Mon idée fut au départ de publier un petit fascicule sur ces détails incroyables et inédits. Mais un constat devait vite s’imposer. Comment montrer l’existence de cet ours des Pyrénées dissimulé dans la fresque sans expliquer pourquoi il fallait s’attendre à un ours ? Comment expliquer les coupes transversales des différentes grottes sans présenter le contexte général de l’affaire ? Comment prouver l’importance de cette « pierre dolmen » dissimulée sur la fresque sans mettre en parallèle celle découverte avec le jumelage des tableaux de Rennes-Les-Bains ? Je devais mettre en parallèle les détails de la fresque avec les indices fondateurs que sont le livre de Boudet, le « Serpent Rouge », le « Charlot et Marie-Madeleine » de Philippe de Cherisey… Il se trouve d’ailleurs que je me suis limité dans cet exercice aux évidences les plus frappantes mais la liste est en fait très longue…

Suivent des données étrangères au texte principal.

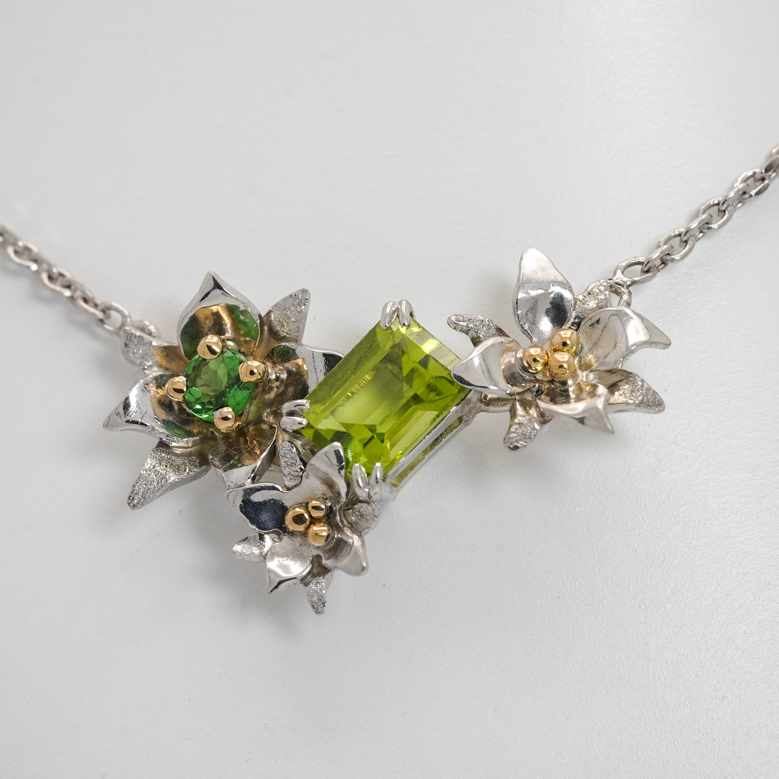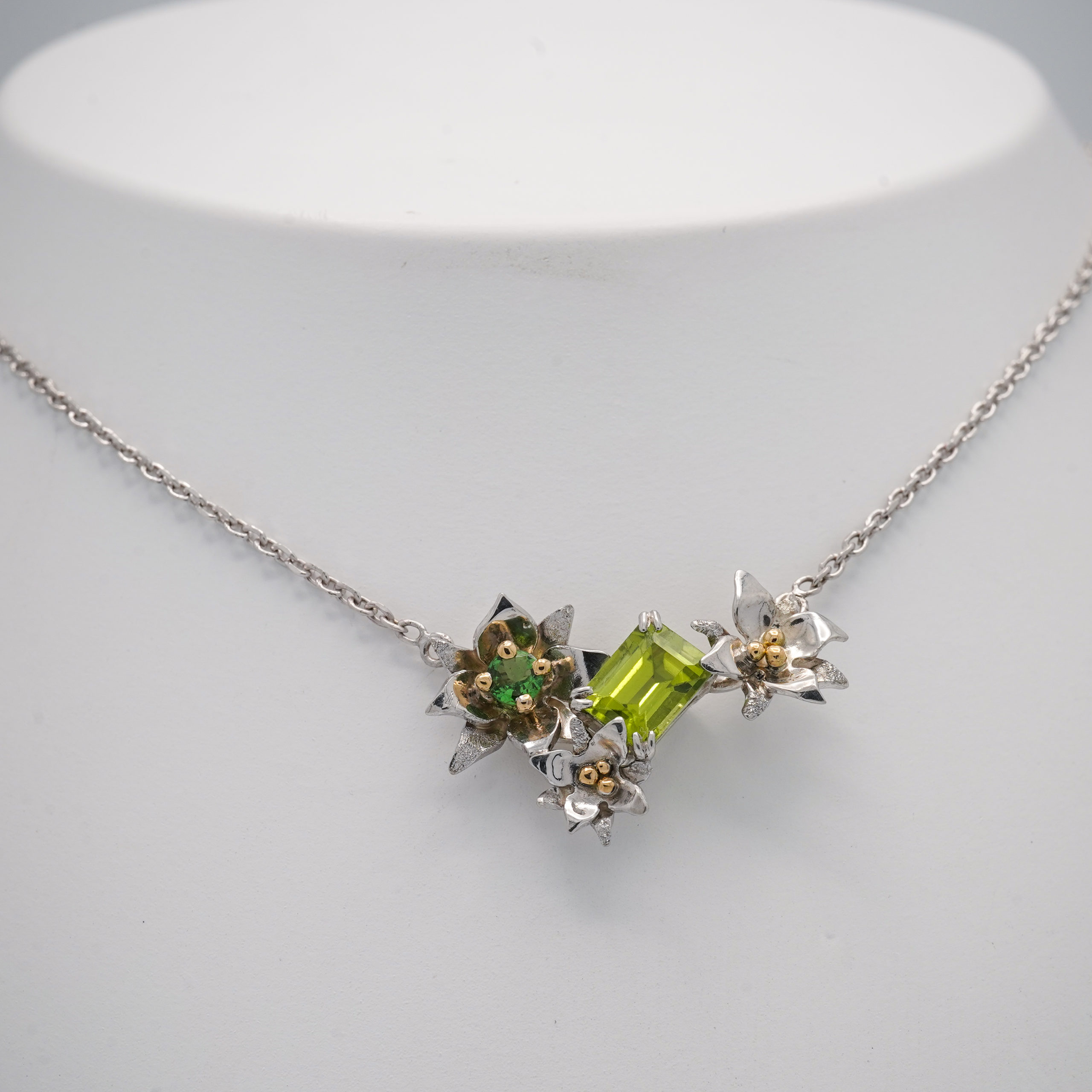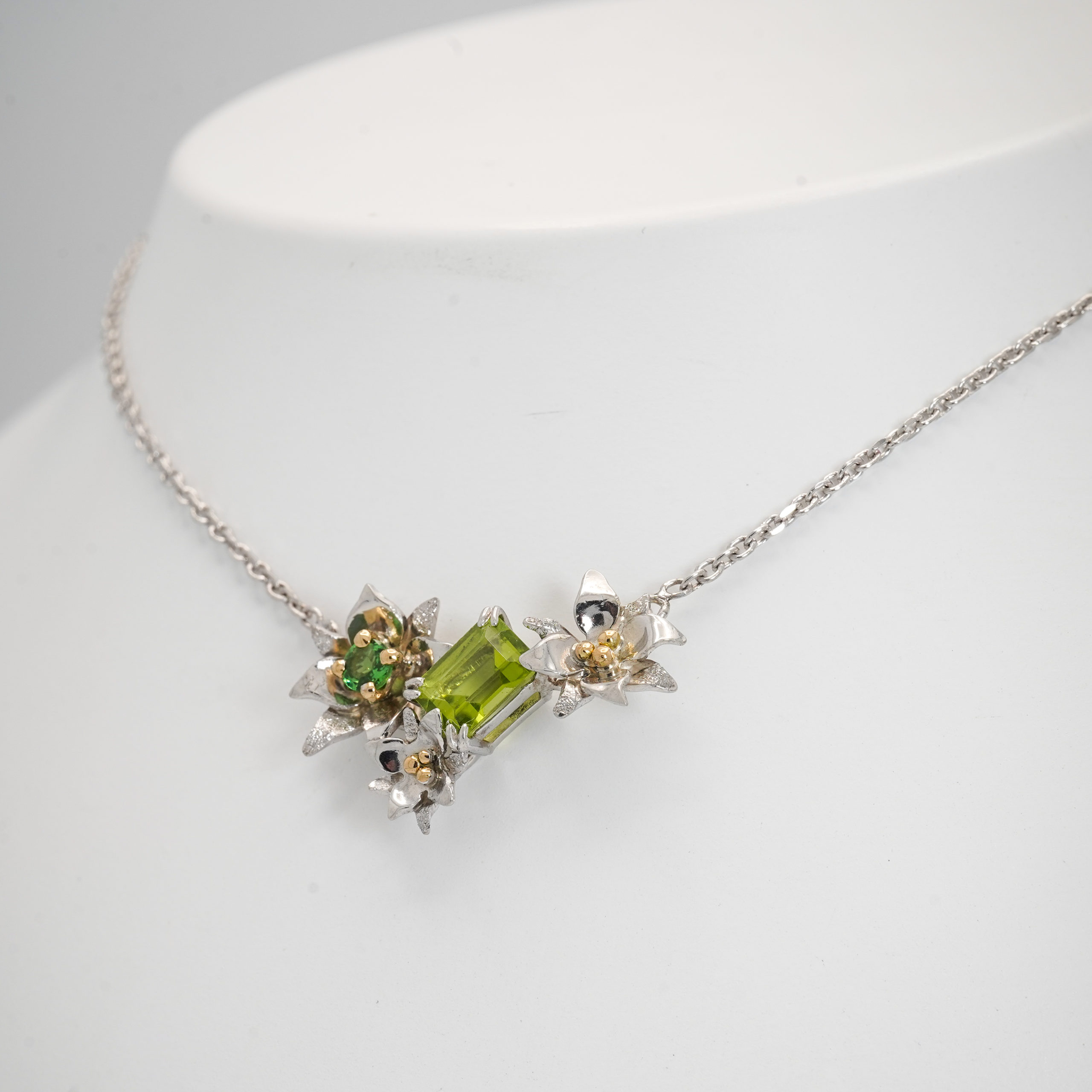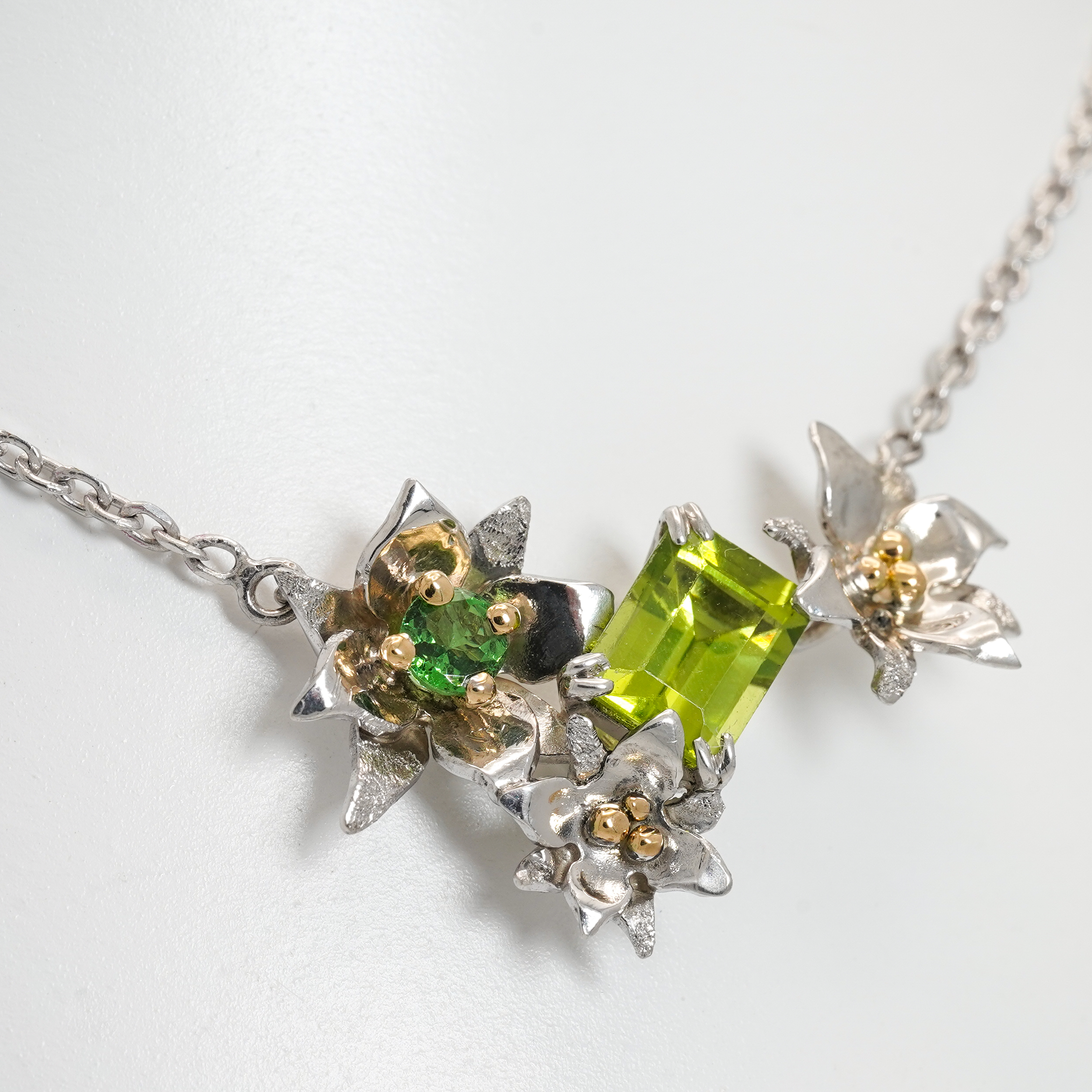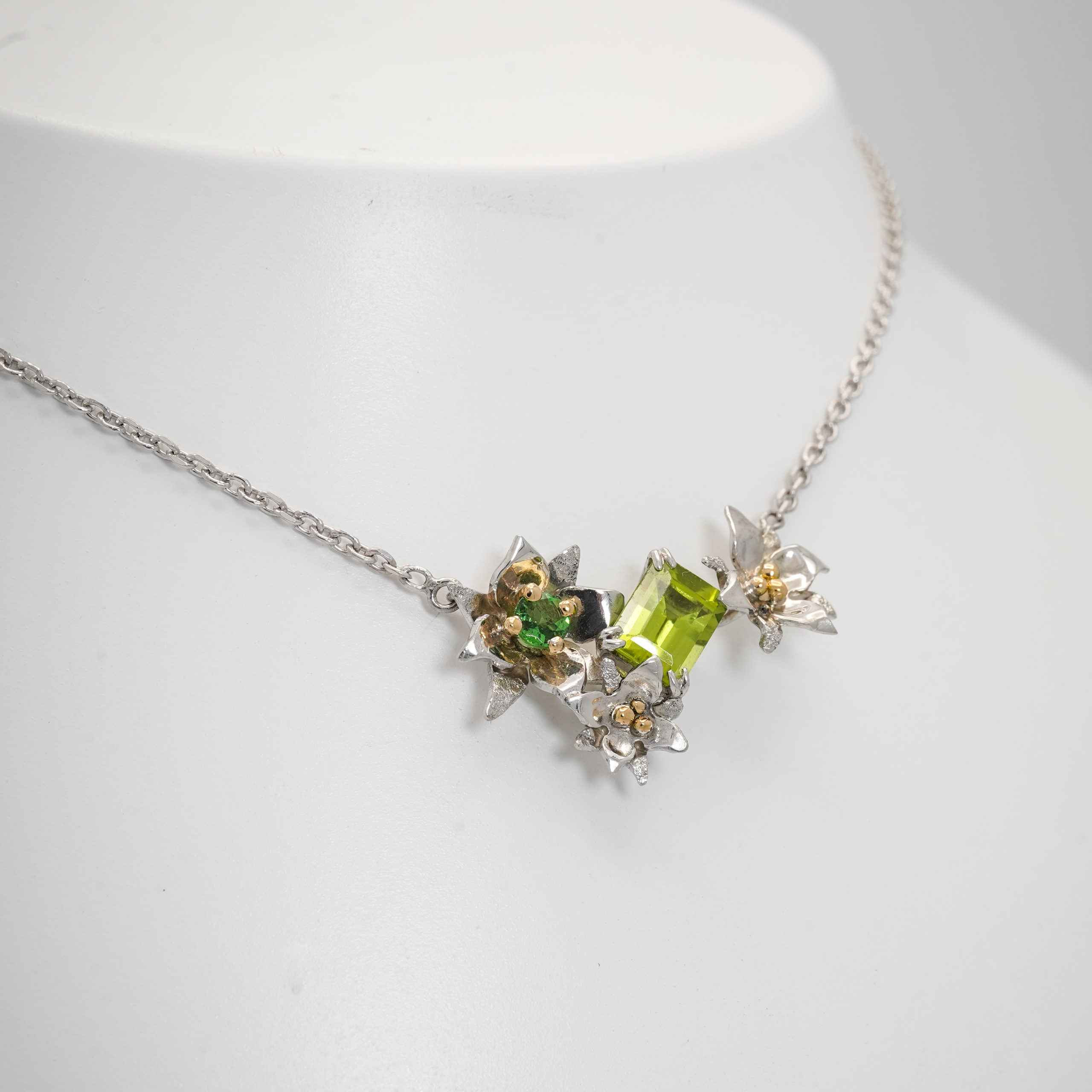 Pendentif en argent et or composé de 3 fleurs avec un péridot et un grenat rond serti griffes
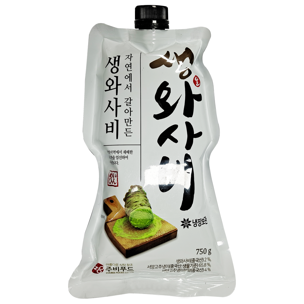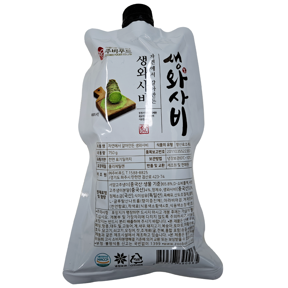 | 원재료명 및 함량(농수산물의 원산지 표시에 관한 법률에 따른 원산지 표시 포함) | 서양고추냉이(중국산:생물기준) 65.8%, D-소비톨액,서양고추냉이분말(중국산)4%, 정제수, 생와사비(중국산)2%, 정제소금(국산), 식이섬유(독일산),옥배유,산도조절제등 |
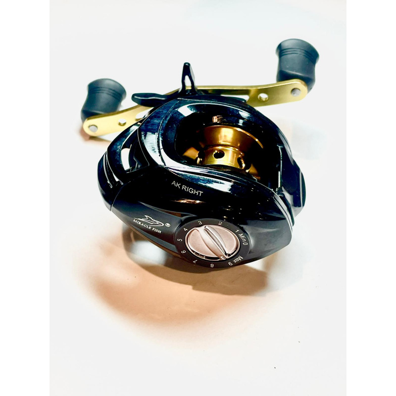 Jūsu iepirkumu grozs ir tukšs! Miracle Fish multiplikatora spole AK Right- zemā profila casting spole vieglām un vidējām ēsmām (parasti izmanto spiningojot vieglas ēsmas 7gr- 30gr, kā arī var izmanot pludiņmakšķerējot). Magnēstiskā bremze, kas regulējas 10 pozīcijās. Spoles korpuss ir izgatavots no grafīta, bet kasete no dzelzs. Tai ir 9+1 gultņi, un dubultais rokturis, kas ir novietots labajā pusē. Moderns dizains- melna+zelta krāsa.
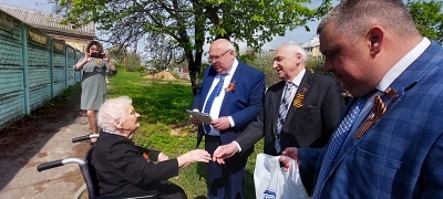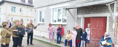 Цикл праздничных мероприятий 8 мая завершился в Новозыбковском городском округе ещё одним, важным и приятным. Руководители, А.В. Щипакин, П.В. Разумный, депутат облдумы Н.К. Стародубцев, работники администрации в сопровождении местных артистов отправились поздравлять ветеранов Великой Отечественной войны, а их в нашем округе проживает 10 человек. Всем были вручены открытки от Губернатора и местного руководства, подарки, а музыкальные номера: любимые песни «Катюша», «Синий платочек», «День Победы», – исполнялись работниками Отдела культуры прямо возле дома виновников торжества. Праздновать, так праздновать!
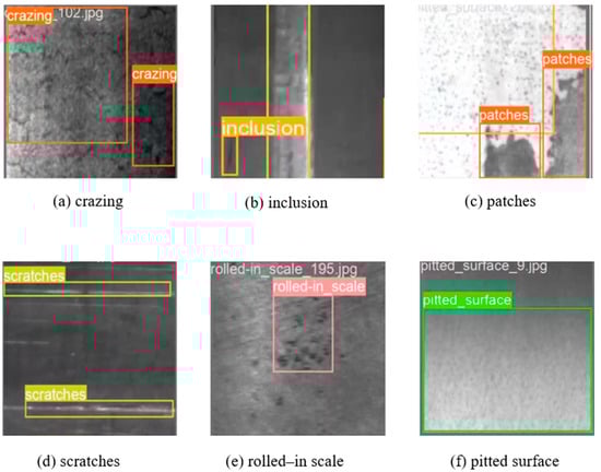 Surface defect detection has traditionally depended on manual visual inspection, a method that is both labor-intensive and time-consuming. This approach is inherently flawed because of the variability in individual skills and experience, which can lead to inconsistent results, including both misdetections and missed detections. However, the advent of machine vision technology has introduced more efficient and reliable alternatives. A major milestone in this transition was reached in 1983 when Honeywell in the United States developed a surface defect detection device utilizing charge-coupled device (CCD) technology []. Subsequently, various defect detection algorithms have been developed. For instance, Guo et al. [] introduced an edge detection algorithm that combines Kirsch and Canny operators, which has proven effective in detecting defects such as bubbles and pits on ceramic surfaces. Similarly, Nieniewski et al. [] developed a system based on morphological operations to extract features associated with orbital defects. However, traditional machine vision algorithms lack consistent robustness and generalization capabilities across diverse defect detection scenarios, making it difficult to meet the requirements of defect detection. With the development of deep learning, defect detection models based on deep learning have become a current research hotspot. Deep learning-based object detection algorithms are generally classified into two-stage and single-stage detection approaches. Two-stage algorithms include Faster R-CNN [] and Mask R-CNN [], while single-stage algorithms include YOLO [,,,,,], SSD [], and EfficientDet []. Among them, the application of YOLO in defect detection has been steadily growing because of its outstanding performance. While YOLO offers a quicker detection speed compared with two-stage algorithms, its detection accuracy still needs improvement when dealing with complex and diverse steel defects.
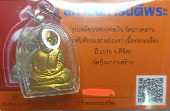 รูปเหมือนหลวงพ่อเงิน วัดบางคลาน พิมพ์บล๊อกแตกหลังแตก เนื้อทองเหลือง ปี2515 จ.พิจิตร พร้อมบัตรรับรอง
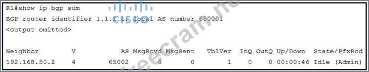 Question 557: Refer to the exhibit. Router BRDR-1 is configured to receive...
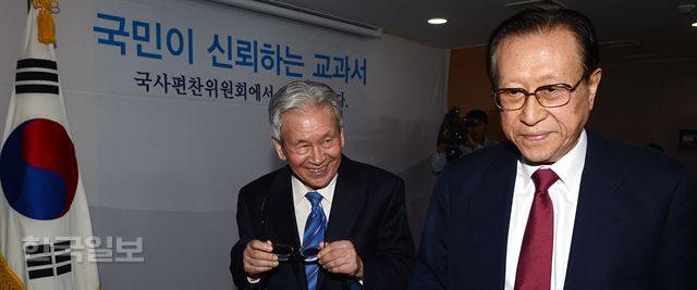김정배(오른쪽) 국사편찬위원장이 4일 정부서울청사에서 국정 한국사 교과서 집필 관련 기자회견을 마치고 회견장을 나서는 모습을 대표집필자로 소개된 신형식 이화여대 명예교수가 웃으며 지켜보고 있다. 다른 대표집필자인 최몽룡 서울대 명예교수는 제자들의 반대로 회견장에 나오지 않았다. 고영권기자 youngkoh@hankookilbo.com

Certains détails sont effectivement difficiles à interpréter mais leur présence ne peut être niée et c’est déjà fondamental. Le reste est un chantier immense qu’il faut mener pas à pas. Ce travail n’est d’ailleurs pas terminé et j’espère présenter avec mon ami Jeannot une suite passionnante.
JPP : Ne pensez vous pas que Boudet aurait trouvé la piste menant à quelque chose d’important et que c’est Saunière qui aurait été « voir » ce qui aurait été trouvé ; d’ailleurs l’attitude du curé Rivière d’Espéraza peut nous le faire penser (Refus de l’absolution lors du vivant de Bérenger Saunière, constructions étonnantes dans l’église d’Espéraza)?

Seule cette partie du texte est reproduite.